■ Directions ■
Leave every picture out, and print the full listing again exactly.
[Opening Given material section]
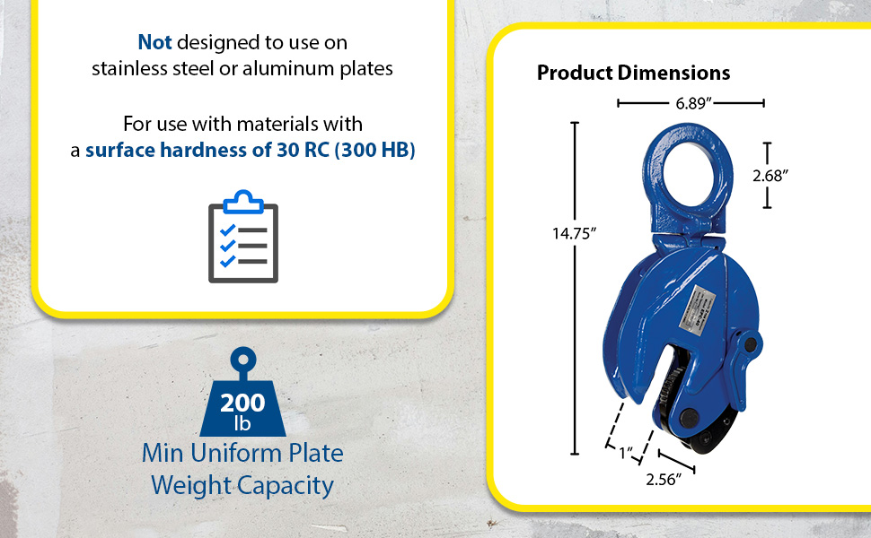 Pivoting bale for easier and more versatile operation. Automatic serrated hardened steel cams and pads. Drop-forged steel case for maximum strength. Designed to meet ASME B30.20. Warning: Do not exceed the working load limit. Serious bodily injury or property damage may result. Do not use plate clamps to lift loads less than 20% of rated capacity. Lift only one plate at a time. Plate must be clean and free of oil. Not designed to use on stainless steel or aluminum plates. For use with materials with a surface hardness of 30 RC (300 HB).
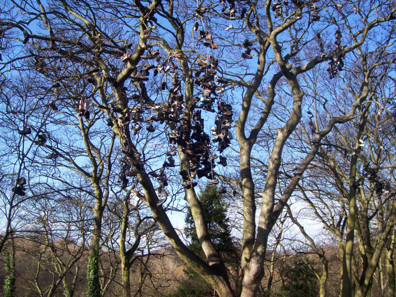 A nearby sign about the shoe tree says The shoe tree is an old Sycamore, which reaches nearly 40 metres high. There are lots of different stories about how the shoe tree came about, but it is thought some time ago this fine, but ordinary tree became the shoe tree when young people celebrated the completion of their exams by throwing their shoes high into the branches. This has continued and there are now shoes of all different types, showing the fashion trends of the last 20 years. The shoe tree was made famous by the novel "The Taxi Driver's Daughter" by Julia Darling.
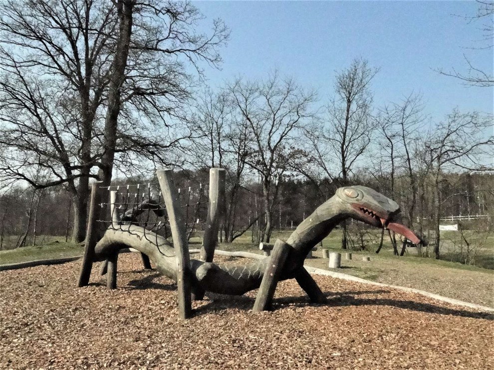 Ved naturlegepladsen i Hareløkkerne ses en væmmelig drage
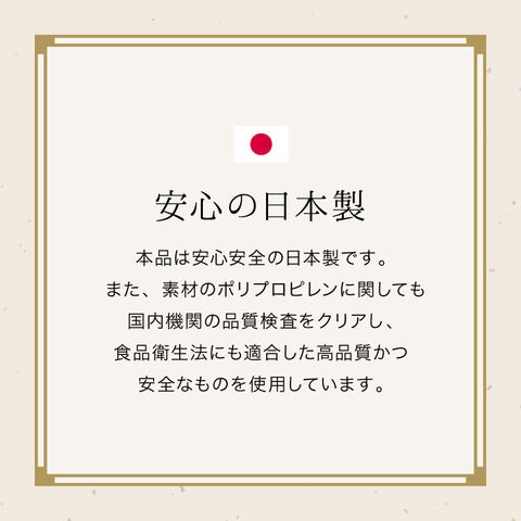 安心・安全なこだわりの日本製。
[Closing Given material section]
■ Task output ■
 Pivoting bale for easier and more versatile operation. Automatic serrated hardened steel cams and pads. Drop-forged steel case for maximum strength. Designed to meet ASME B30.20. Warning: Do not exceed the working load limit. Serious bodily injury or property damage may result. Do not use plate clamps to lift loads less than 20% of rated capacity. Lift only one plate at a time. Plate must be clean and free of oil. Not designed to use on stainless steel or aluminum plates. For use with materials with a surface hardness of 30 RC (300 HB).
 A nearby sign about the shoe tree says The shoe tree is an old Sycamore, which reaches nearly 40 metres high. There are lots of different stories about how the shoe tree came about, but it is thought some time ago this fine, but ordinary tree became the shoe tree when young people celebrated the completion of their exams by throwing their shoes high into the branches. This has continued and there are now shoes of all different types, showing the fashion trends of the last 20 years. The shoe tree was made famous by the novel "The Taxi Driver's Daughter" by Julia Darling.
 Ved naturlegepladsen i Hareløkkerne ses en væmmelig drage
 安心・安全なこだわりの日本製。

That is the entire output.